Andrew Cumming walks us through the complications of shooting a prehistoric thriller in a made-up language

A prehistoric woman, Beyah (Safia Oakley-Green), dressed in furs and holding a spear, stands in the forest in Out of Darkness Image: Bleecker Street
Matt Patches is an executive editor at Polygon. He has over 15 years of experience reporting on movies and TV, and reviewing pop culture.

“Never work with children or animals,” goes the old showbiz adage. First-time filmmaker Andrew Cumming technically abided by that wisdom… though “creature feature set in the Stone Age” might soon belong on the avoid-for-your-own-sanity list.

Set 45,000 years ago and staged across the Scottish Highlands, Out of Darkness follows six prehistoric humans who wash ashore in a new world, in search of an evolved future. Cumming, Ruth Greenberg, and Oliver Kassman wrote the script in an entirely fictitious language called Tola, with a story that has the group’s immediate survival efforts threatened by something lurking in the shadows. As the patriarchal society’s leaders fall, a young woman, Beyah (Safia Oakley-Green), confronts the threat herself. With thick atmosphere and enough on its mind to imbue familiar horror tropes with much-needed specificity, Cumming’s directorial debut is the kickoff to a promising career. But making the film wasn’t easy.

With Out of Darkness out in theaters, I spoke to Cumming about taking a big swing and sticking to his guns, in spite of the many raised eyebrows he encountered over the movie’s years of development.

Out of Darkness has been a journey. How many years ago did you start work on it?

We put pen to paper in September 2015. That was when we first committed words to sentences about the subject matter.

This is your directorial debut. Very few people start out by making a prehistoric horror movie.
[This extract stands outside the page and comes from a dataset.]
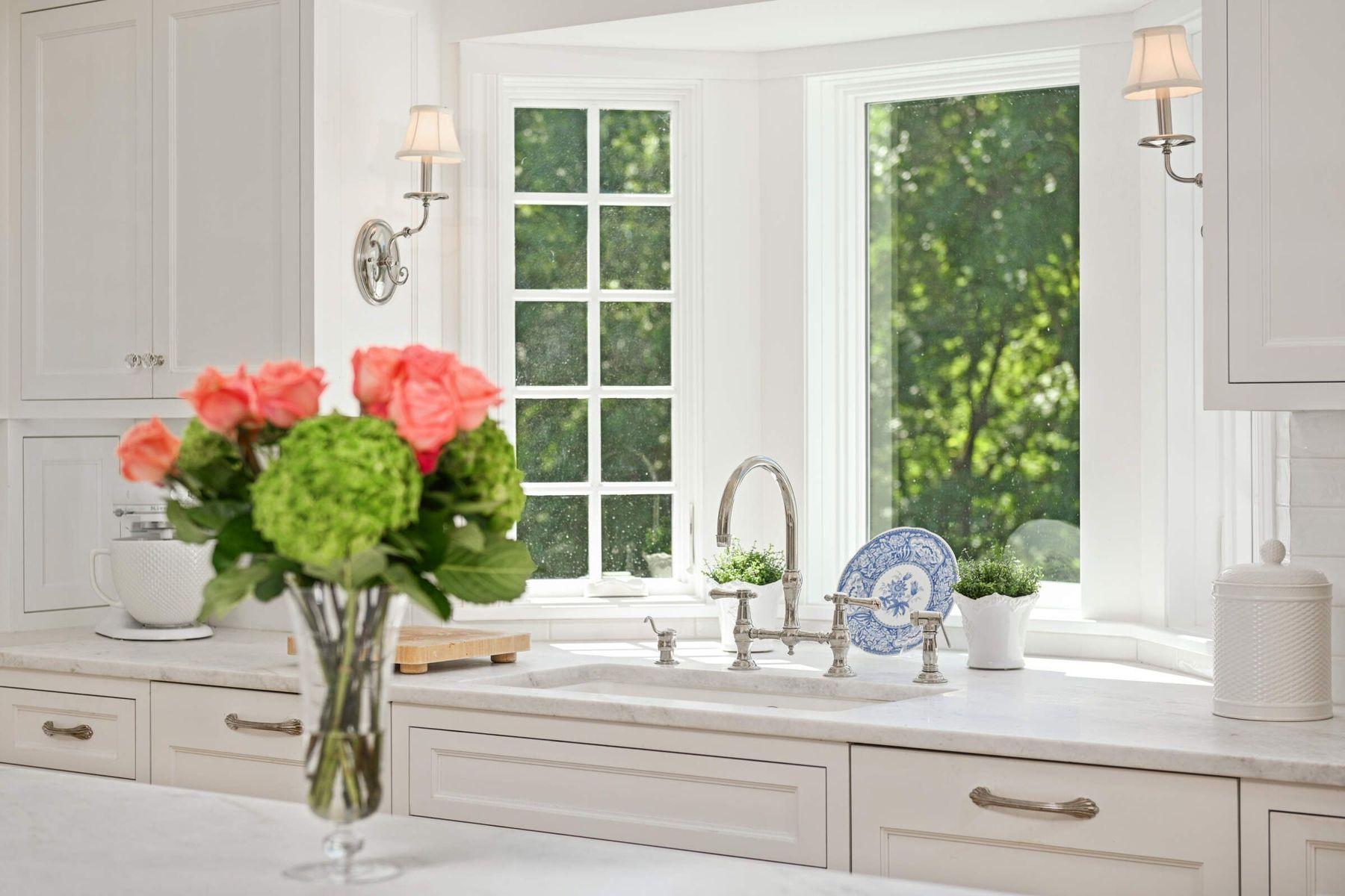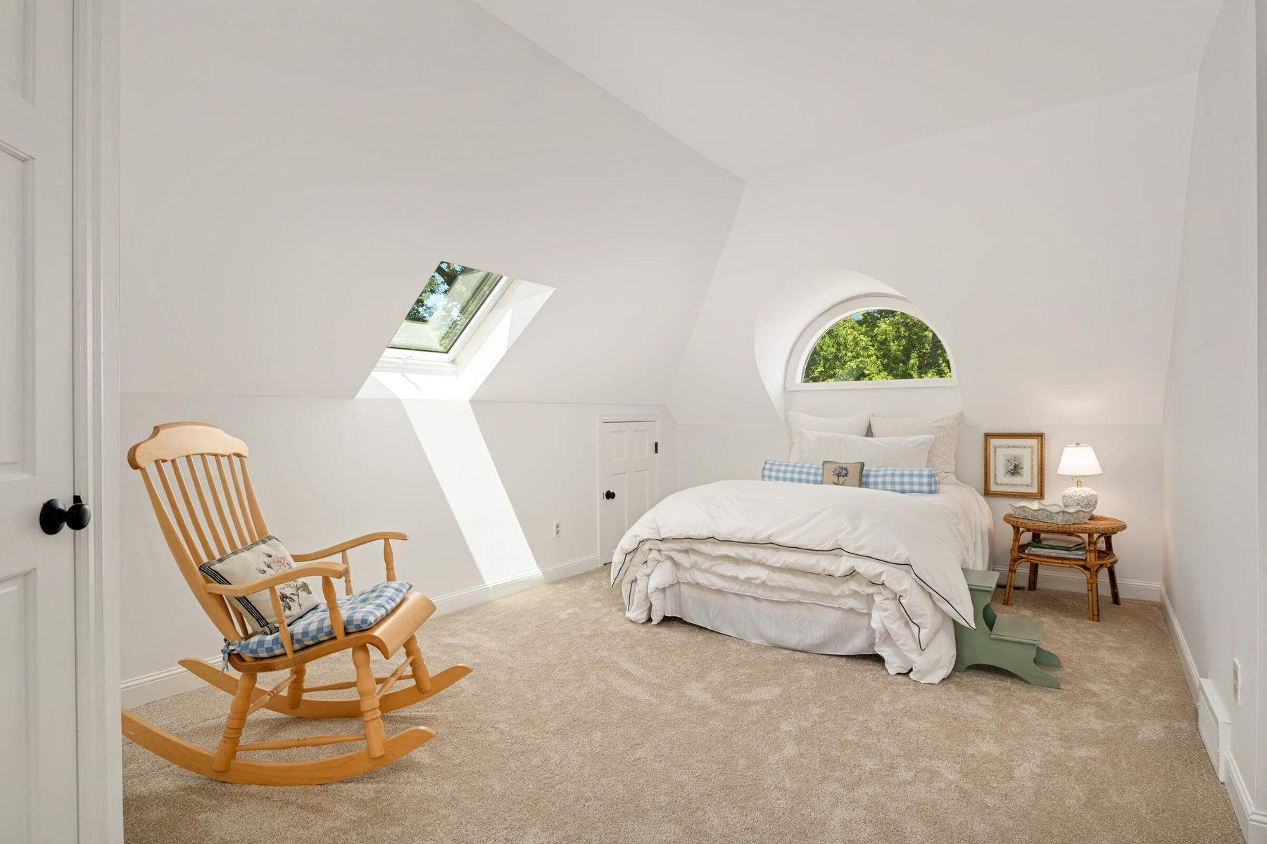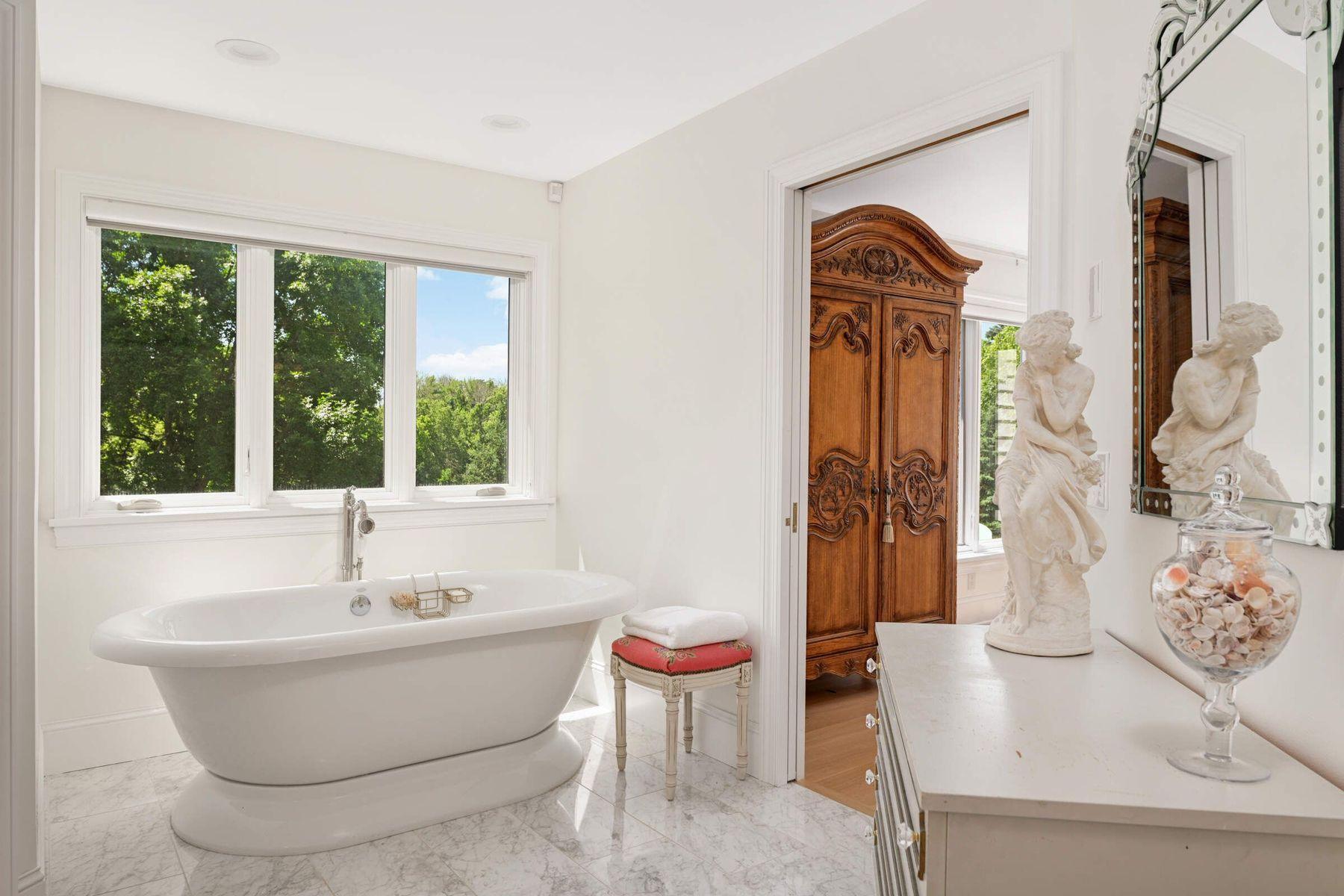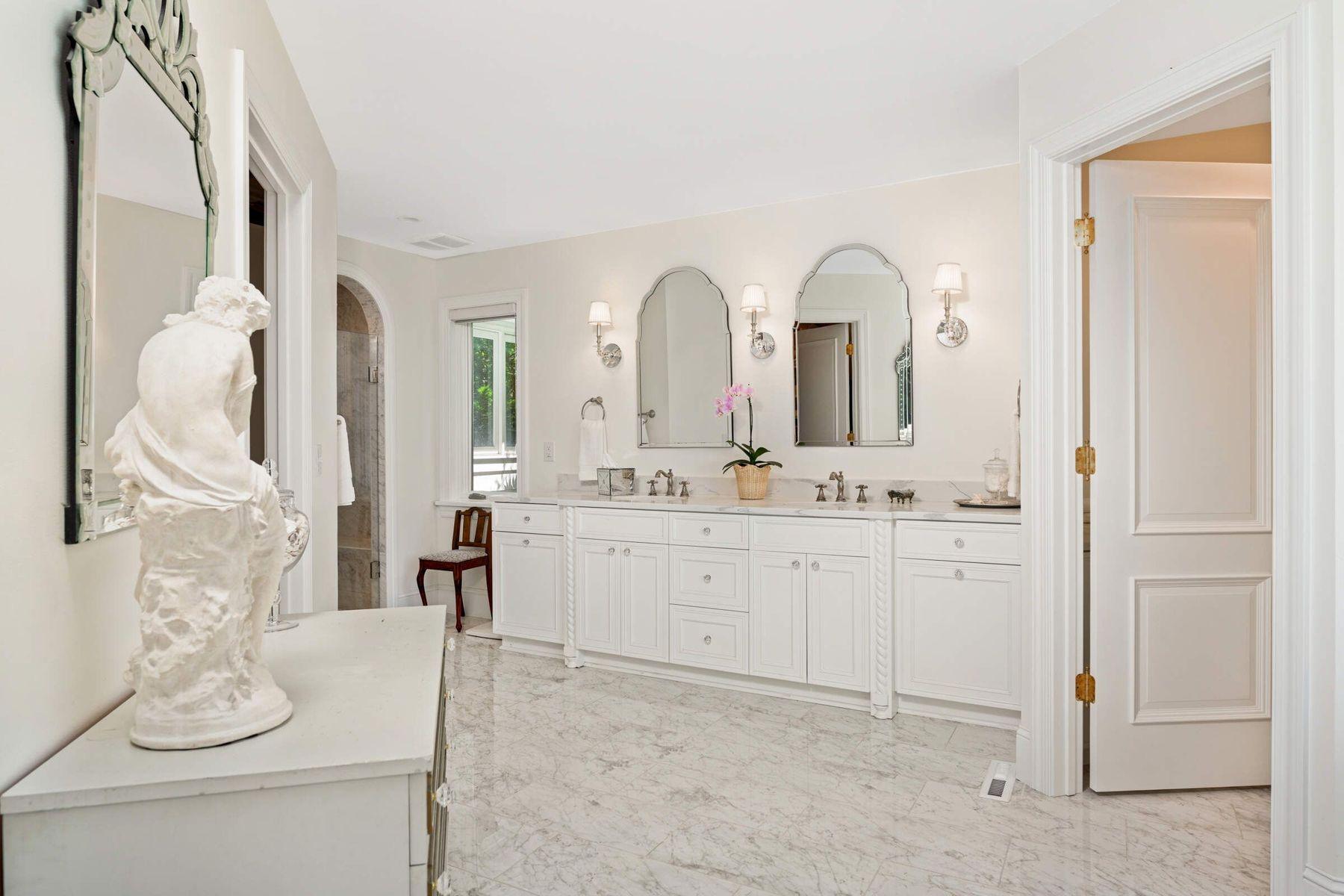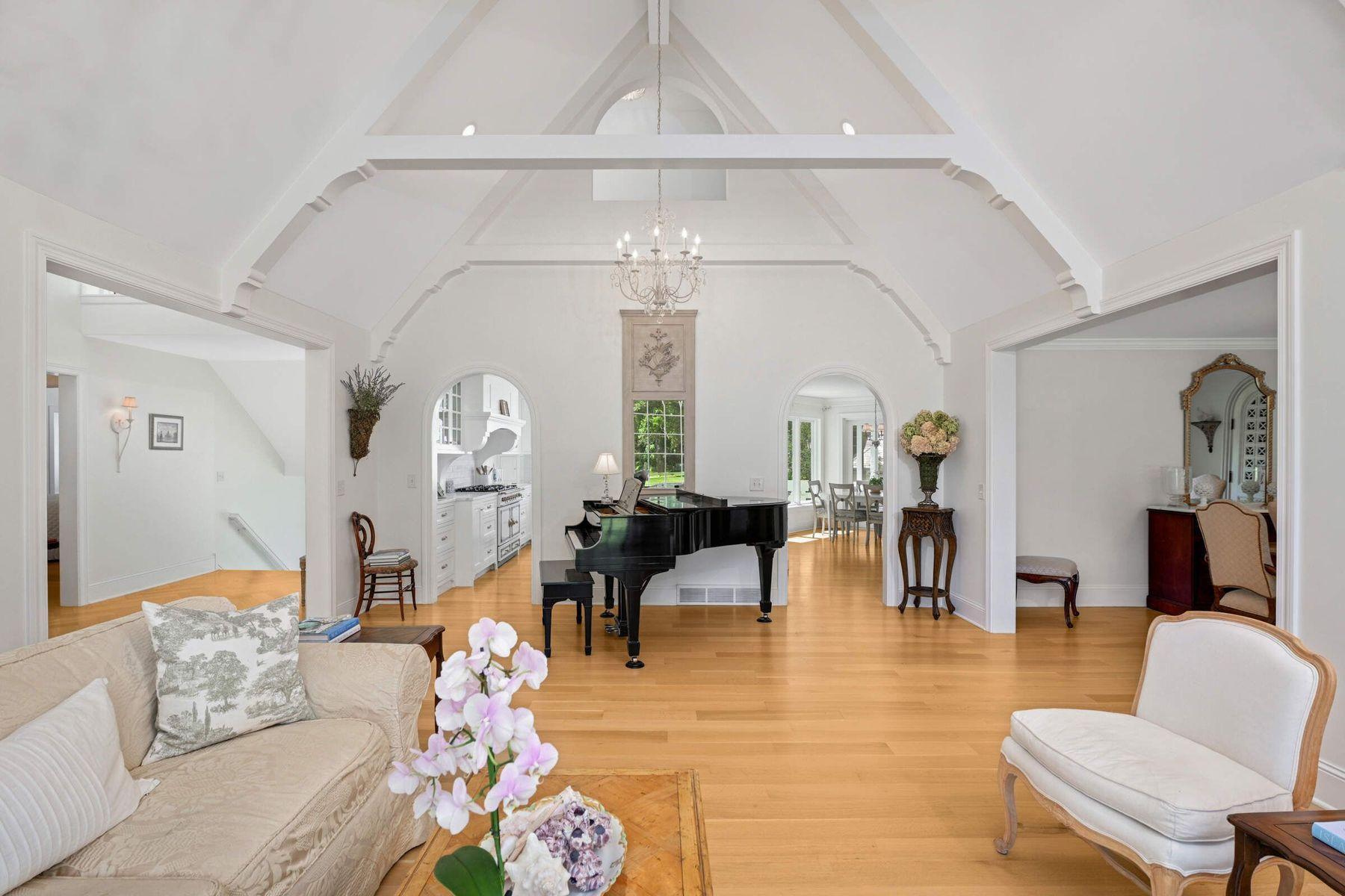 Sun-filled spaces flow seamlessly, enhanced by white oak hardwood floors, cathedral ceilings, archways, and a peaceful, sophisticated palette. The living room is crowned by a dramatic custom Palladian window-one of the home’s signature features - framing sweeping views of the wooded acreage. The stunning designer kitchen is a showpiece, highlights including custom enameled cabinetry, a 42” La Cornue range with patina brass

Did it feel like a risk? Does it still?

It brings me comfort now, but not at the time, because there wasn’t really a template. A lot of debuts, you can go, “OK, I see that this is a contemporary drama,” or “It’s a sort of comedy thriller” — you can see what it is. But then when we were pitching this film, we said, “Oh, it’s a bit like Alien. But it’s also a bit like The Hills Have Eyes. Also, The Witch?” So you’re borrowing percentages from all these different films and making this Frankenstein’s monster, and then going “Oh by the way, it’s my first film, it’ll be in a made-up language, a discovery cast.”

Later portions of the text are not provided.